Professor of Statistics and Machine Learning, Department of Statistics, University of Oxford. I work on developing methodologies and theoretical foundations for large-scale learning problems.

Before joining the University of Oxford, I have been a Lecturer in the Computer Science department at Yale University and a Postdoctoral Associate at the Yale Institute for Network Science, hosted by Sekhar Tatikonda.
I have a Ph.D. in Operations Research and Financial Engineering from Princeton University, where I worked in probability theory under the supervision of Ramon van Handel.

Here is my Curriculum Vitae.

I am interested in the investigation of fundamental principles in **high-dimensional probability**, **statistics** and **optimization** to design computationally efficient and statistically optimal algorithms for machine learning.

Since 2022, I have been serving as Area Chair for COLT: COLT 2022, COLT 2023, COLT 2024.

In 2022, I chaired the session on Advanced Theoretical Statistics at the IMS Annual Meeting in London.
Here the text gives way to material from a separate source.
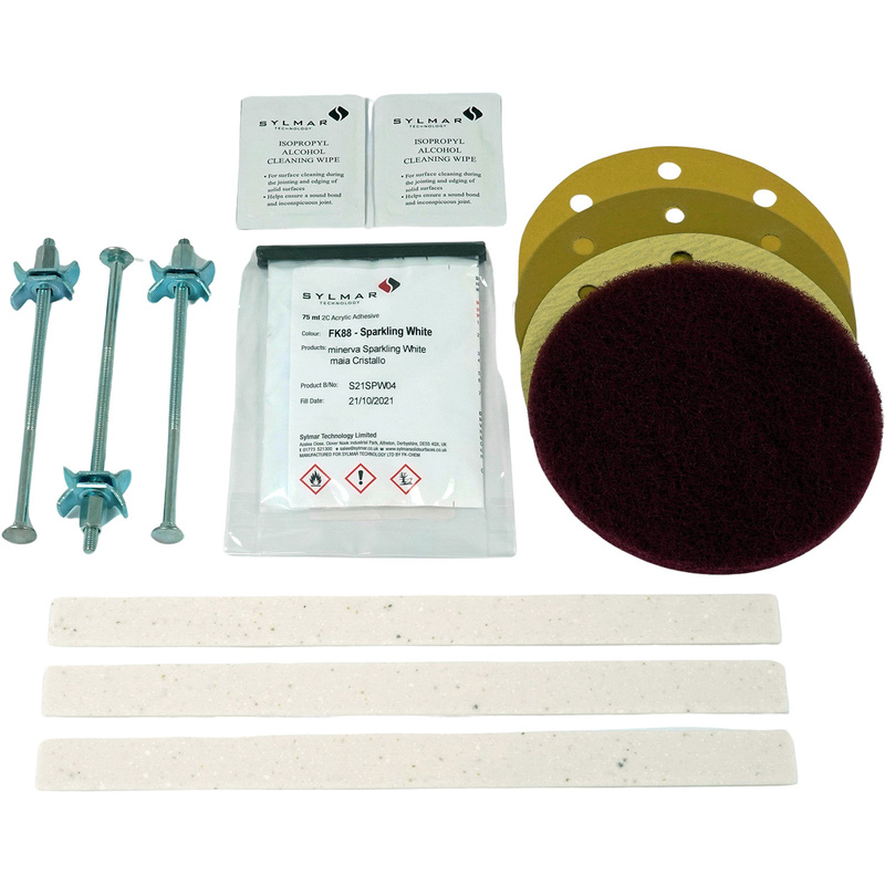 * All materials required for the completion of one maia joint * Provides a seamless and smooth finish * Contains two part adhesive sachet * For Indoor Use * 1x 75ml Adhesive Sachet, 2x Isopropyl Alcohol Wipes, 3x Tongues, 3x Jointing Blocks, Sandpaper (120G, 240g and 320G), Red Abrasive Pad Everything you need for the completion of one Maia worktop joint. The kit includes a 75ml sachet of adhesive with two isopropyl alcohol wipes, three tongues, three jointing bolts, three grades of sandpaper and a red abrasive pad.* Jointing kit for use with Maia Cristallo worktops* All you need for the completion of one joint* Provides a smooth and seamless finish* Includes 75ml sachet of two-part adhesive* Three grades of sandpaper - 120, 240 and 320 grit* Alcohol wipes, jointing bolts, tongues and abrasive pad also included | Maia Worktop Joint Kit in Cristallo | Composite

As a Fellow at the Alan Turing Institute London, I organized the following meetings:

On June 28-July 2 2021, I taught the week-long summer school Mathematics of Machine Learning.

On January 13-14 2020, I co-organized the two-day workshop Statistics and Computation.

On June 11 2018, I co-organized the one-day workshop The Interplay between Statistics and Optimization in Learning.

I am a Co-Investigator for the Imperial-Oxford StatML Centre for Doctoral Training (CDT). I am a member of the Bernoulli Society, Institute of Mathematical Statistics (IMS), and European Laboratory for Learning and Intelligent Systems (ELLIS). I am an alumnus of the Yale Institute for Network Science and Princeton Statistical Laboratory.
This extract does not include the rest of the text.